Jenny Lind è una figura quasi leggendaria della storia dell’opera. L’“usignolo svedese”, come era soprannominata, oltre a una capacità vocale che le fruttò una precoce fama in tutto il mondo (celebre è rimasto il suo tour americano organizzato da P.T. Barnum, che le versò una cifra colossale per oltre 150 concerti) doveva essere dotata di un discreto fascino, se fra i sui grandi ammiratori si ricordano anche Hans Christian Andersen e Frederic Chopin. Il primo ruolo a cui è legata la sua carriera è quello di Agathe nel Freischütz di Weber; nel 1847 sarà Amalia alla prima mondiale dei Masnadieri di Verdi a Londra. Per lei Mendelssohn sognava di scrivere un’opera ispirata alla Lorelei, e se non riuscì mai a realizzare questo desiderio, per la sua voce scrisse nel 1846 la parte di soprano nel meraviglioso oratorio Elias. In fondo, che sotto il sublime religioso ci sia un fondamento erotico non è certo una cosa nuova; anzi, è per molti versi rassicurante. Per un anno, dopo la morte del compositore, Jenny non riuscì a riavvicinarsi all’oratorio; lo fece di nuovo nel 1848, raccogliendo più di 1000 sterline con cui creò proprio la Mendelssohn Scholarship Foundation, una fondazione votata alla protezione dei giovani compositori e musicisti. Quella stessa che oggi non sembra voler rivelare la verità sul rapporto tra lei e il compositore.

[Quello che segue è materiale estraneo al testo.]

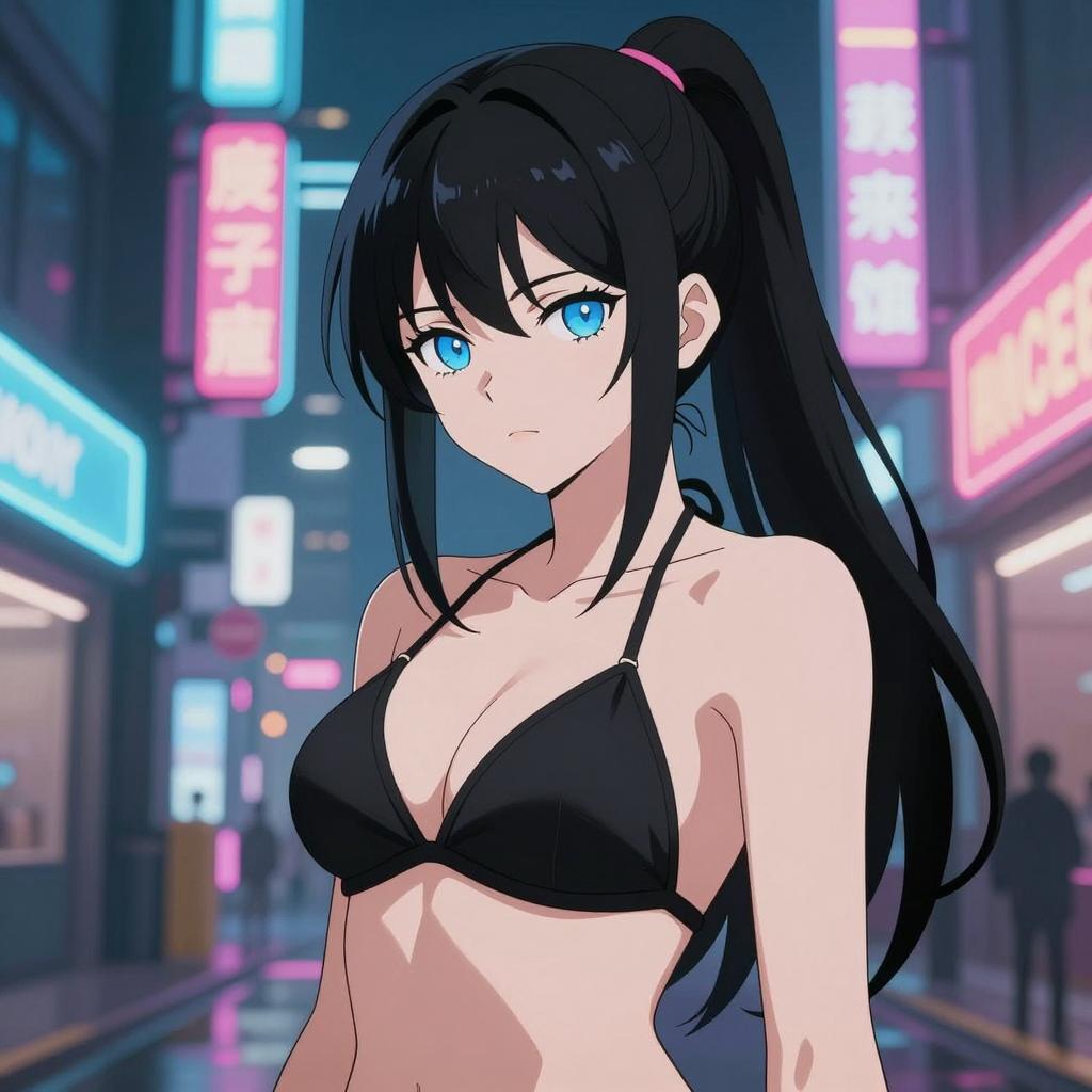 A young woman with purple hair styled in a bun, wearing a yellow floral summer dress with spaghetti straps, standing outdoors in a vibrant market street setting during sunset, soft warm lighting illuminating her face, detailed anime style with expressive blue eyes, bustling market stalls and lanterns in the background, warm color palette with purple and yellow hues
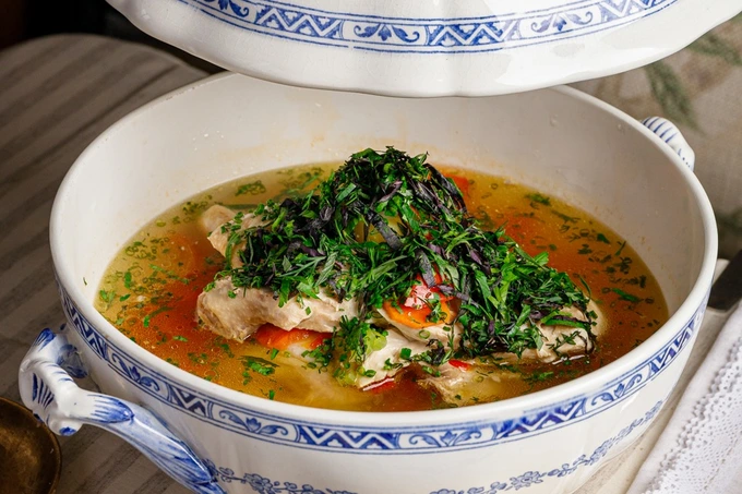 Для блюда используют фермерского петуха, которого томят в печи в насыщенном бульоне с овощами, картофелем, узбекскими томатами и сливочным маслом. Неспешное приготовление позволяет вкусу раскрываться шаг за шагом: бульон становится глубоким и плотным, а мясо — особенно мягким, сочным и выразительным.
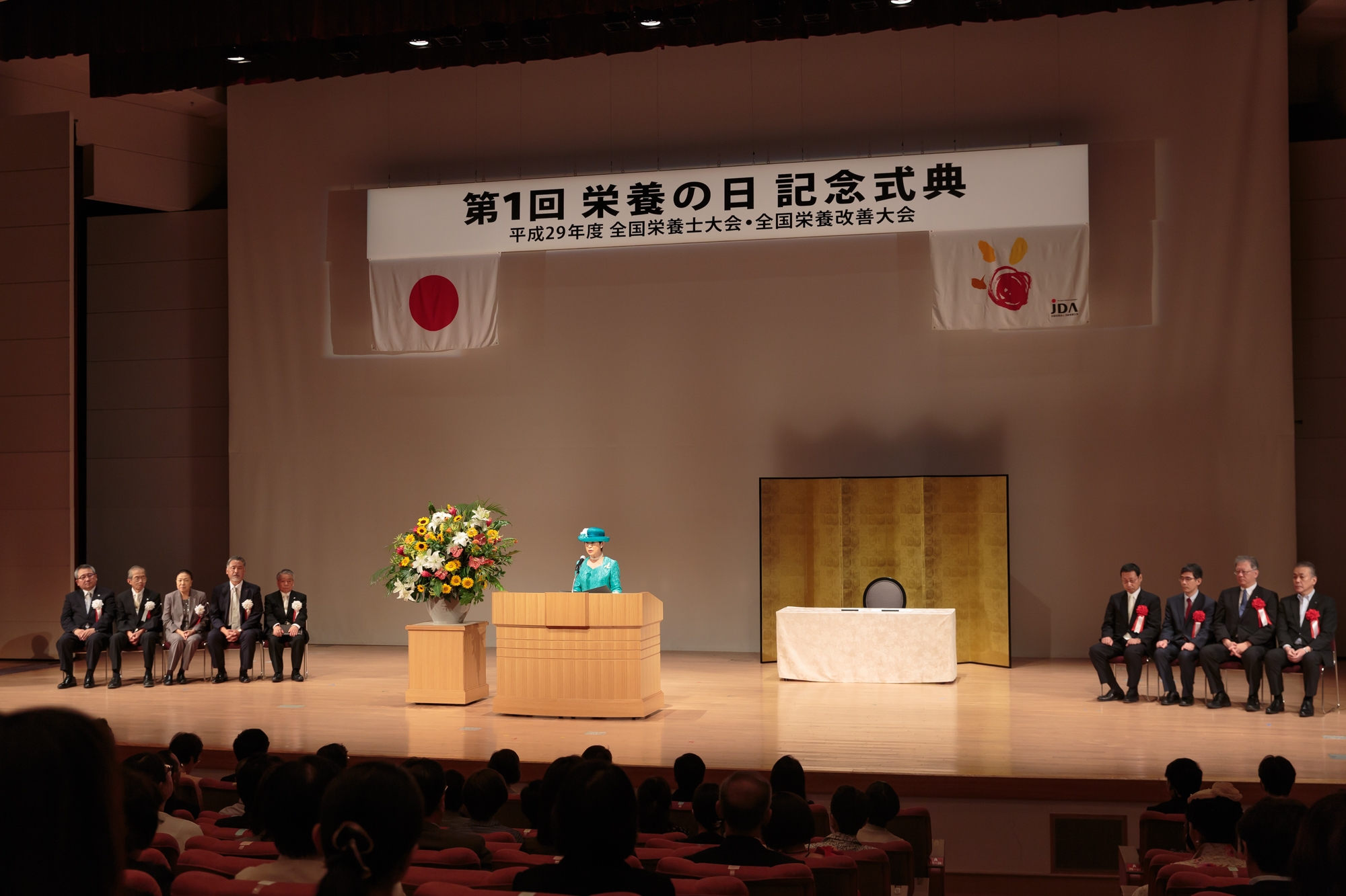 大会中の「第1回 栄養の日記念式典」には、高円宮妃久子殿下にご臨席いただき、「超高齢少子社会を迎えている今、誰もが健やかな生活を願う中で、栄養の重要性が見直されています(中略)。栄養の日の制定は大事な第一歩です。これからは国民の食と栄養の課題を解決するための運動を展開し、栄養の日をご支持いただいている多くの関係団体と協働し、いきいきとした元気な日本をつくっていただけたらと思います。世界には低栄養と過栄養の二重負荷の状況がとても多くあり、そこでの支援は必要不可欠です。このような要請に応えるべく、さらに研鑽を積み、世界各国の同じ業務に携わる方々とともに、人類の健康維持、改善に尽くされることを期待しております」とのお言葉をいただきました。

Ma perché tanto mistero? Che cosa c’è di scandaloso in questa storia? Assolutamente nulla, se si osserva la cosa con occhio disincantato e moderno. Che Mendelssohn non fosse quella figura di romantico e in fondo felice sognatore che lo schmalz Biedermeier tramanda si sapeva da tempo; i danni che questa caricatura borghese ha fatto alle ricezione della sua musica sono gravi, forse pari all’odio che il nazismo gli dimostrò per motivi razziali. Nell’articolo della Duchen, il violoncellista Steven Isserlis – che scopriamo essere lontano parente di Mendelssohn – invita all’ascolto del Quartetto in fa minore (op. 80), per rendersi conto di quanto potesse essere tormentata la sua musica (la sua anima?) sotto la superficie. Ma per qualche oscura ragione, a duecento anni dalla nascita, non si vuole che su questo compositore si getti uno sguardo diretto e limpido. Non comincia in maniera festosa, dunque, il suo anniversario; ma non è detto che tutto il male venga per nuocere.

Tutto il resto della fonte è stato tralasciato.